Dave Evans was only a member of AC/DC for a short amount of time, but the original singer was there at the beginning. During a recent interview, Evans recalled how the band got its name.
Evans, along with guitarists Malcolm and Angus Young, drummer Colin Burgess and bassist Larry Van Kriedt, were making music together in an unnamed band. A man named Alan Kissackstold, who was involved in forming the band, told the guys that he got them a New Year's Eve gig at Australia’s Chequers nightclub.
“We had to get a name because it was only in a few weeks. So we started tossing names around between us, but no one could agree,” Evans remembered. “I had some really great names, but they didn’t like them.”
“What we said was that, [in time for] the next rehearsal, we’d all come with three names each, put them in a hat and we’d pick one out. And whatever it was, that was what we were gonna call ourselves,” he added, but it never came to that.
“When we all arrived together, Malcolm Young said to us, ‘Look, my sister-in-law’ [wife of his older brother, George] has suggested a name… AC/DC’. And I thought it’s an easy name to remember and it was on the side of a lot of electrical appliances,” Evans explained. “AC/DC means alternate current and direct current [and] a lot of appliances were AC/DC. I thought: ‘Free advertising… free advertising on the side of all these appliances, and it’s easy to say, and it means power.’ It all went through my head very quickly. And I said yes.”

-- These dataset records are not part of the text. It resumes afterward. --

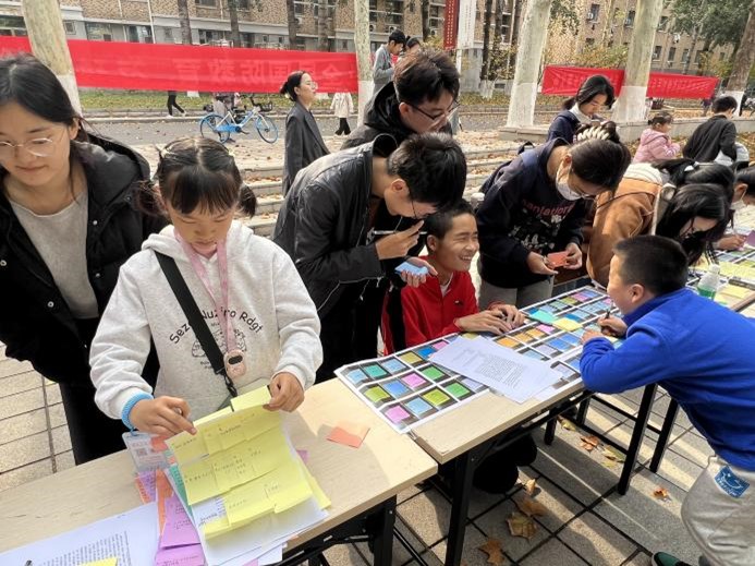 与此同时,哲社公司青年志愿者协会在申博sunbet中心校区齐园餐厅南侧设置了展台,鼓励同学们以书写明信片的形式,为留守儿童送上真挚的祝福。这一创新性的互动平台架起了老员工与留守儿童之间的情感纽带,进一步激发了在校老员工的社会责任感和使命感,促使他们为留守儿童的身心健康发展贡献出自己的力量。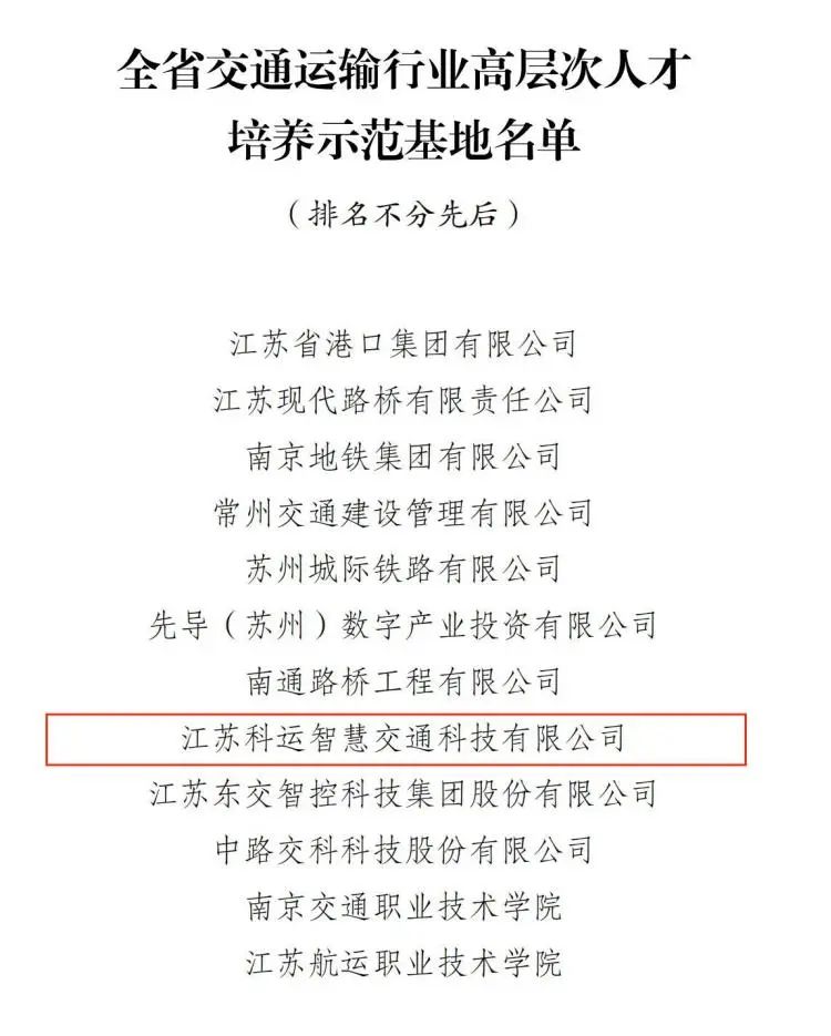 蘇交科 · 江蘇科運智慧榮獲“全省交通運輸行業(yè)高層次人才培養(yǎng)示范基地”稱號
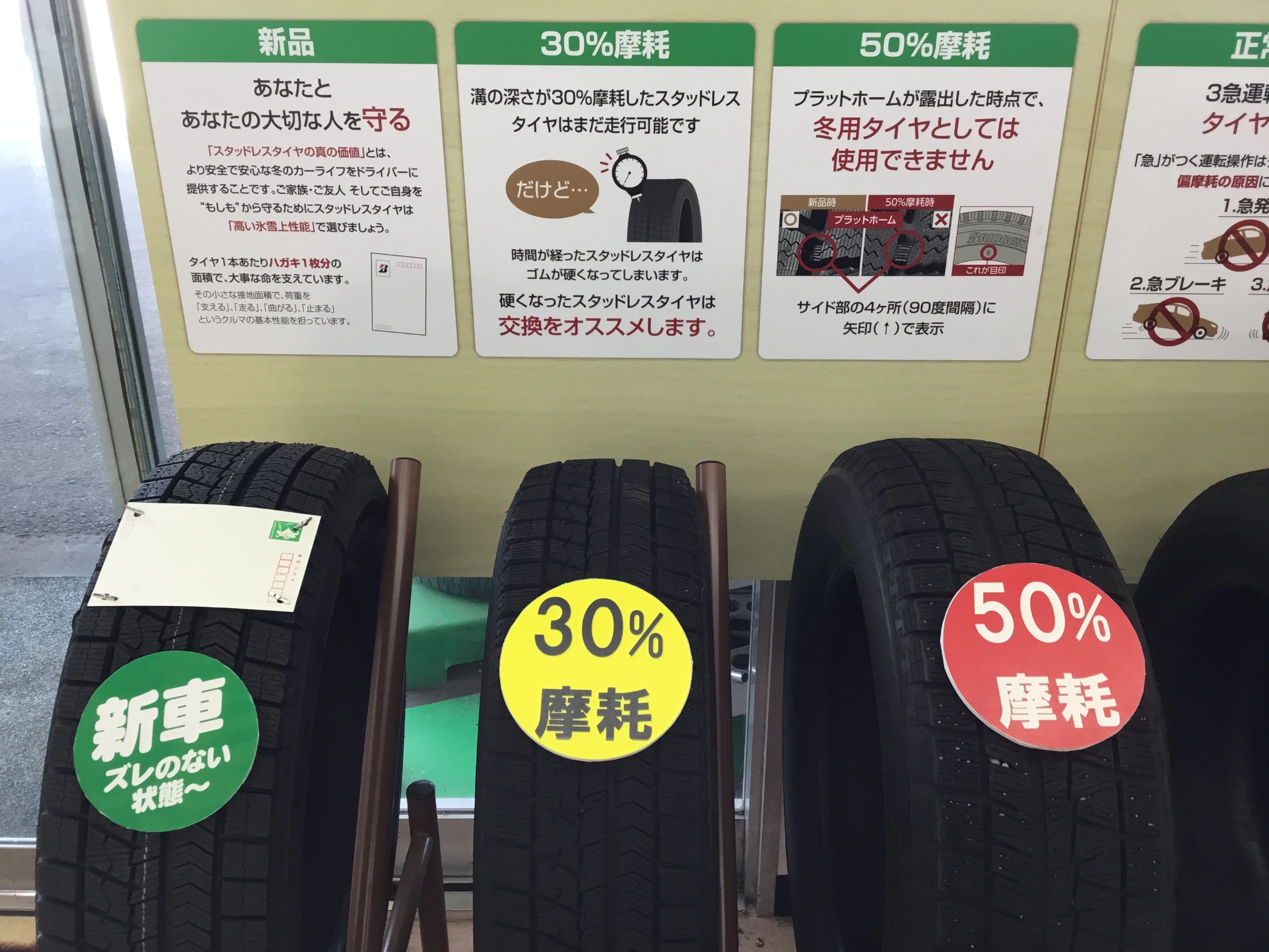 冬タイヤは柔らかさが大事になるので硬くなってるタイヤは要注意です(;゚Д゚)

“Malcolm looked at us and said, ‘Well, shall we call ourselves AC/DC?’ And we all put our hands up," he concluded. "It was unanimous. We all shook hands and we were AC/DC… those three names [I came up with], I went home and threw them away.”
Evans sang on AC/DC's first official single "Can I Sit Next To You, Girl" and its B-side "Rocking in the Parlour" before being replaced by the late Bon Scott in 1974. Scott led the band until his tragic passing in 1980, and Brian Johnson has been the frontman ever since.
In other AC/DC news, the house where the Young brothers grew up—and the band formed—was accidentally demolished by developers who claimed they were unaware of its cultural significance.